**Try it**
Your output should be the lines below from the one with "Велюровая юбка Shein" through the one with "为提升学校统一战线成员参政议", copied exactly, pictures excluded.

**Data provided**
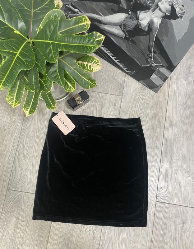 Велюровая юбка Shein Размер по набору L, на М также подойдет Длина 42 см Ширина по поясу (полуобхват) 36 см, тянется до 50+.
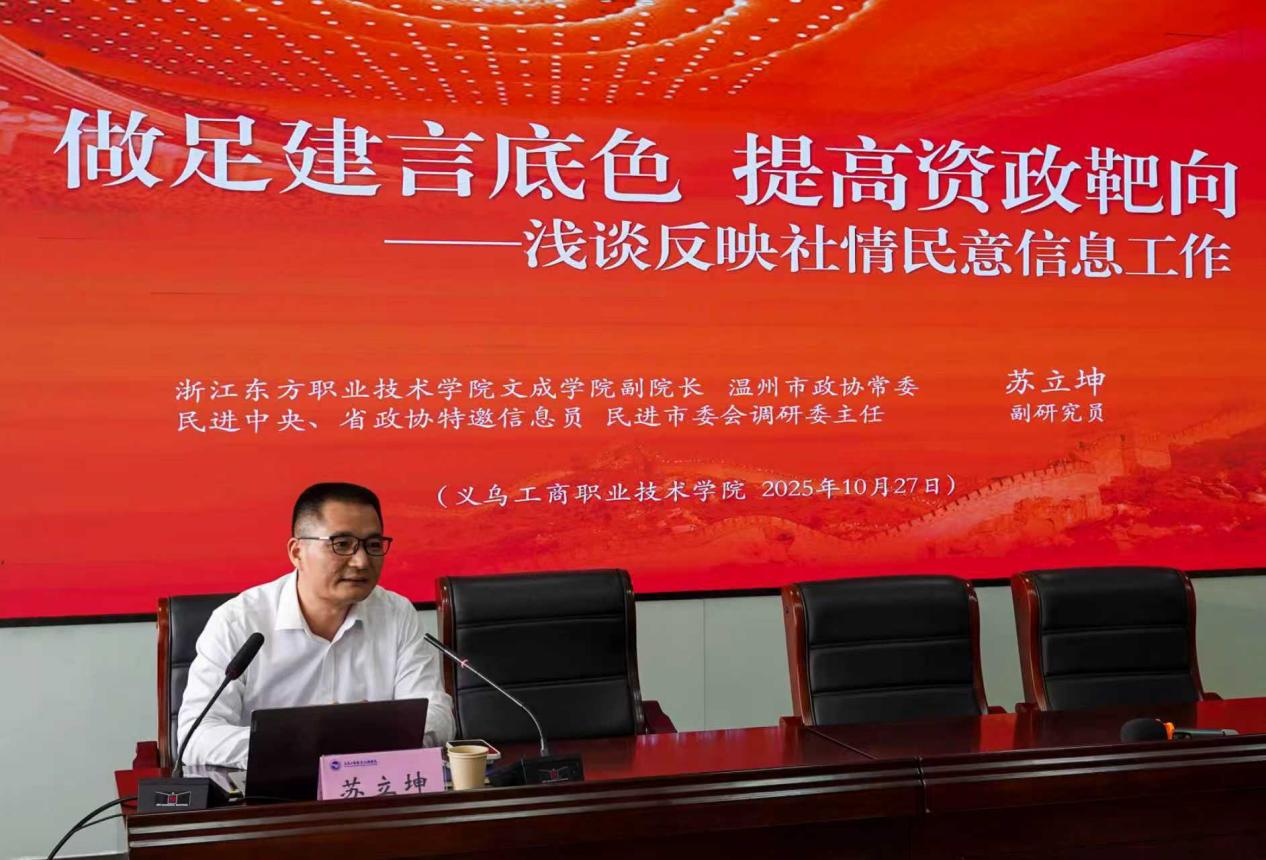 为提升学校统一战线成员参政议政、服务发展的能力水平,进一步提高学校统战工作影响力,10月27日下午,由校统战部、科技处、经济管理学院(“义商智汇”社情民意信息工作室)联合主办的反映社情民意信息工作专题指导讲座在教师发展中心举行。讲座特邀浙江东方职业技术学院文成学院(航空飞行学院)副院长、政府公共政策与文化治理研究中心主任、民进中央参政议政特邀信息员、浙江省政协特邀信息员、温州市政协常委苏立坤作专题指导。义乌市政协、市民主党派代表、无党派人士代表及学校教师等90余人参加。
---
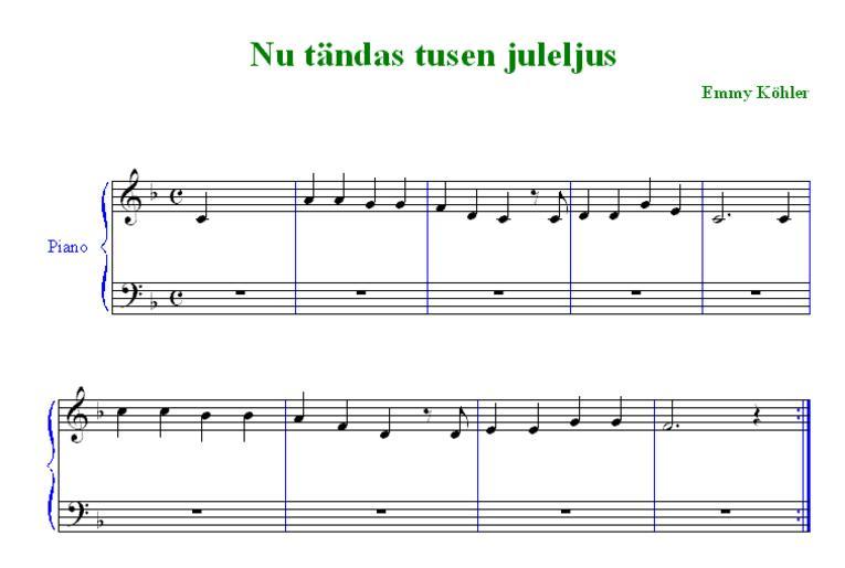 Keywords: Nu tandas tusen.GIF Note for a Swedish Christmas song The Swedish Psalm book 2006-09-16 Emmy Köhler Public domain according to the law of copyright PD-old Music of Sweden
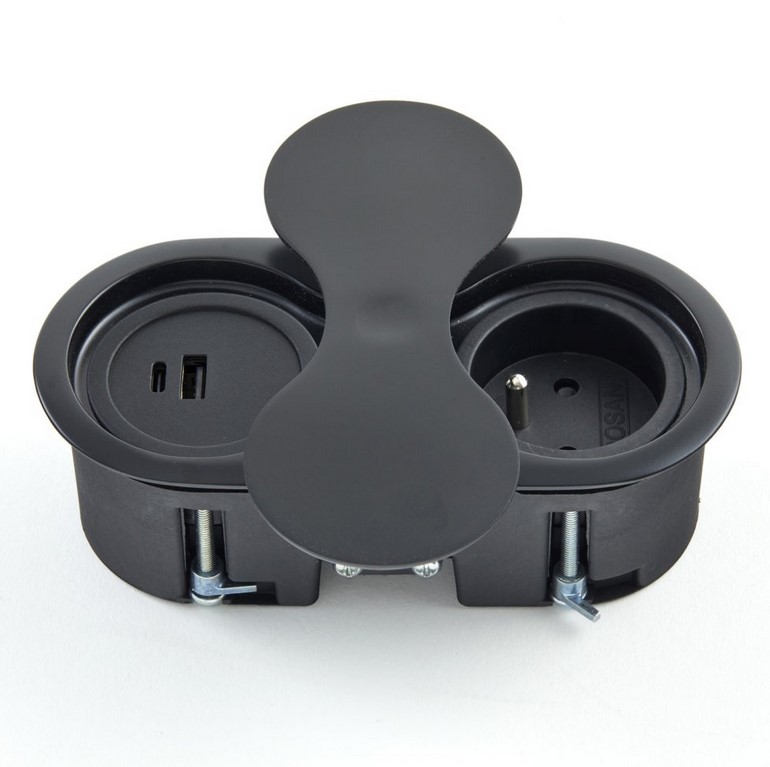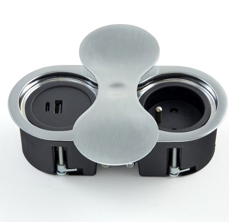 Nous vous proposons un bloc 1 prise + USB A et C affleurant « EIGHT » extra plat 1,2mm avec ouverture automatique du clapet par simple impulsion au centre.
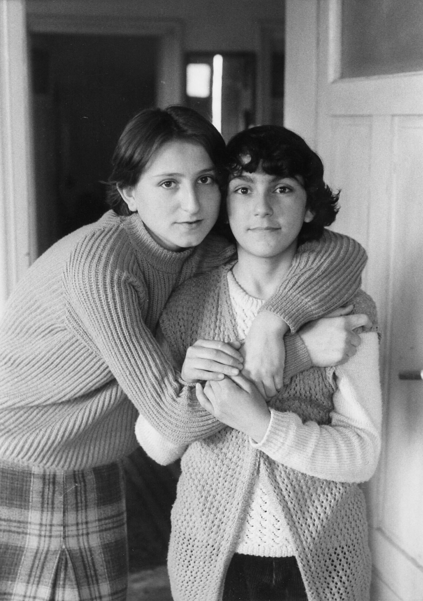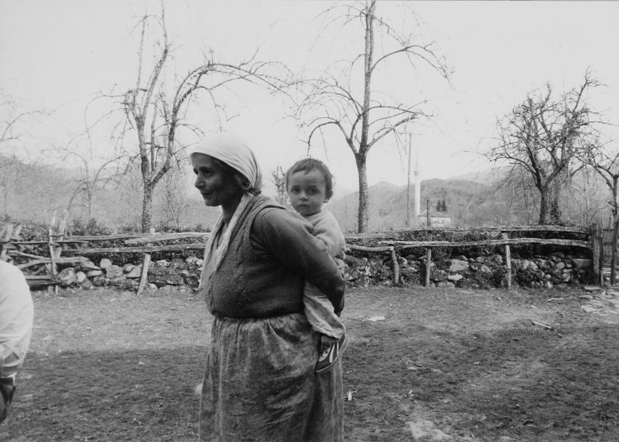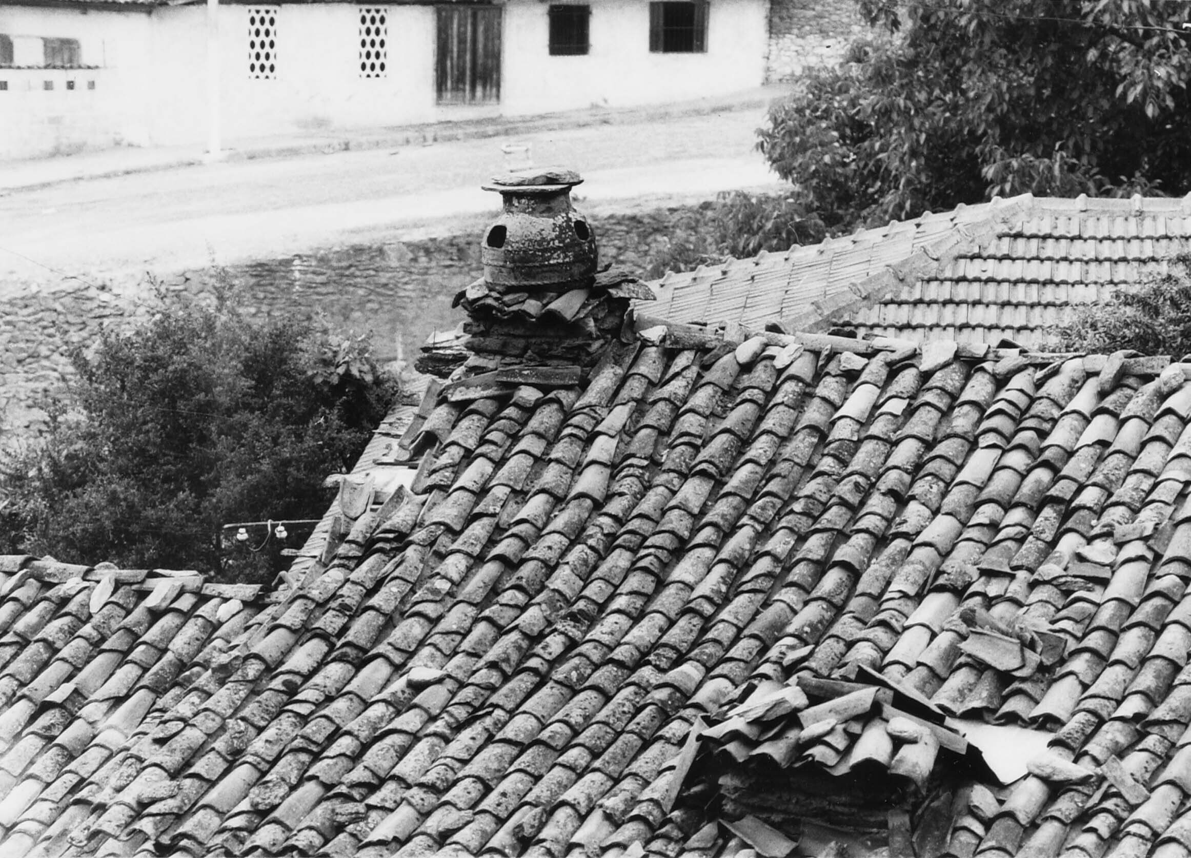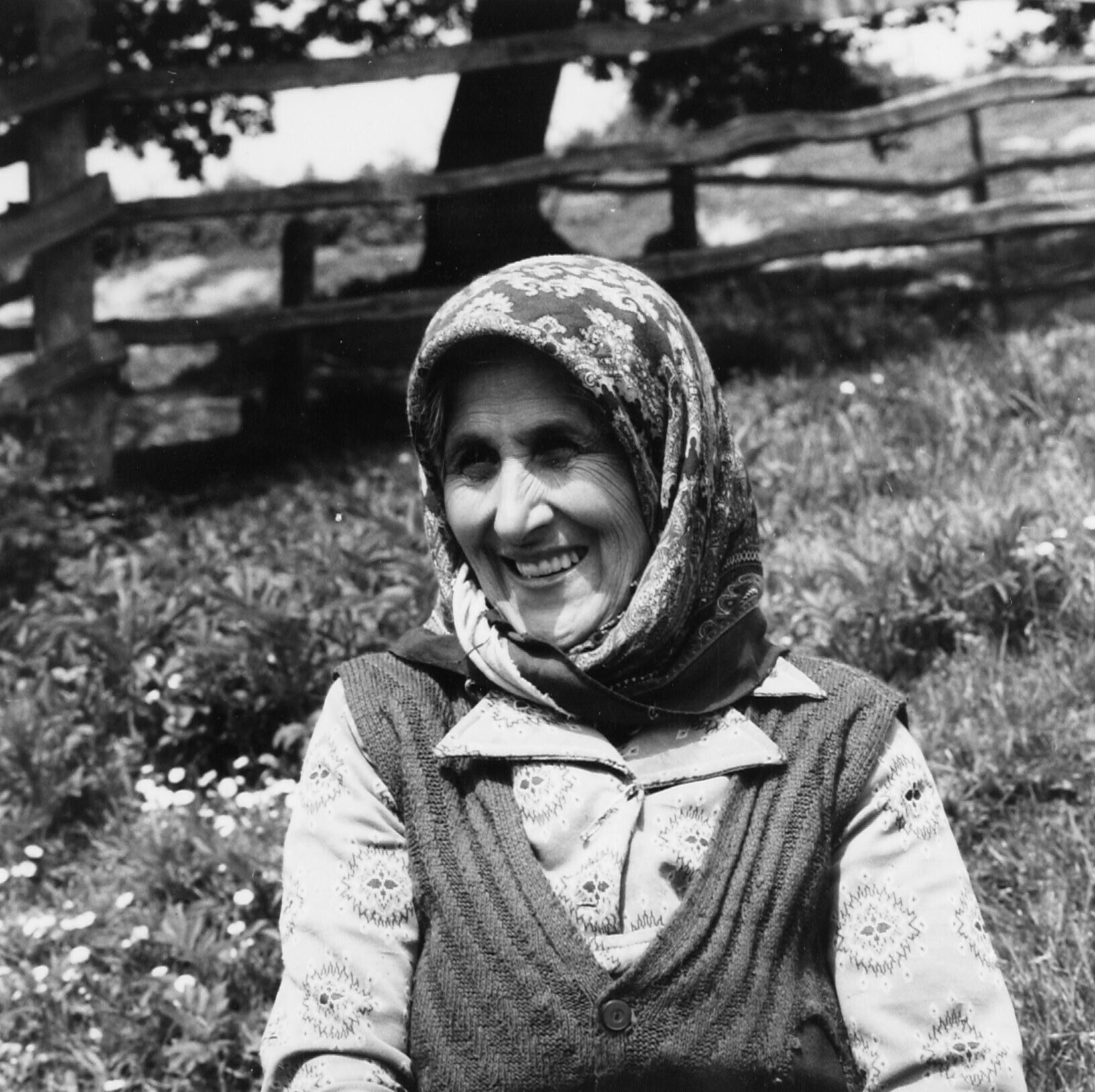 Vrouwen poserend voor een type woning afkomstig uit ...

**Response to the task**
 Велюровая юбка Shein Размер по набору L, на М также подойдет Длина 42 см Ширина по поясу (полуобхват) 36 см, тянется до 50+.
 为提升学校统一战线成员参政议政、服务发展的能力水平,进一步提高学校统战工作影响力,10月27日下午,由校统战部、科技处、经济管理学院(“义商智汇”社情民意信息工作室)联合主办的反映社情民意信息工作专题指导讲座在教师发展中心举行。讲座特邀浙江东方职业技术学院文成学院(航空飞行学院)副院长、政府公共政策与文化治理研究中心主任、民进中央参政议政特邀信息员、浙江省政协特邀信息员、温州市政协常委苏立坤作专题指导。义乌市政协、市民主党派代表、无党派人士代表及学校教师等90余人参加。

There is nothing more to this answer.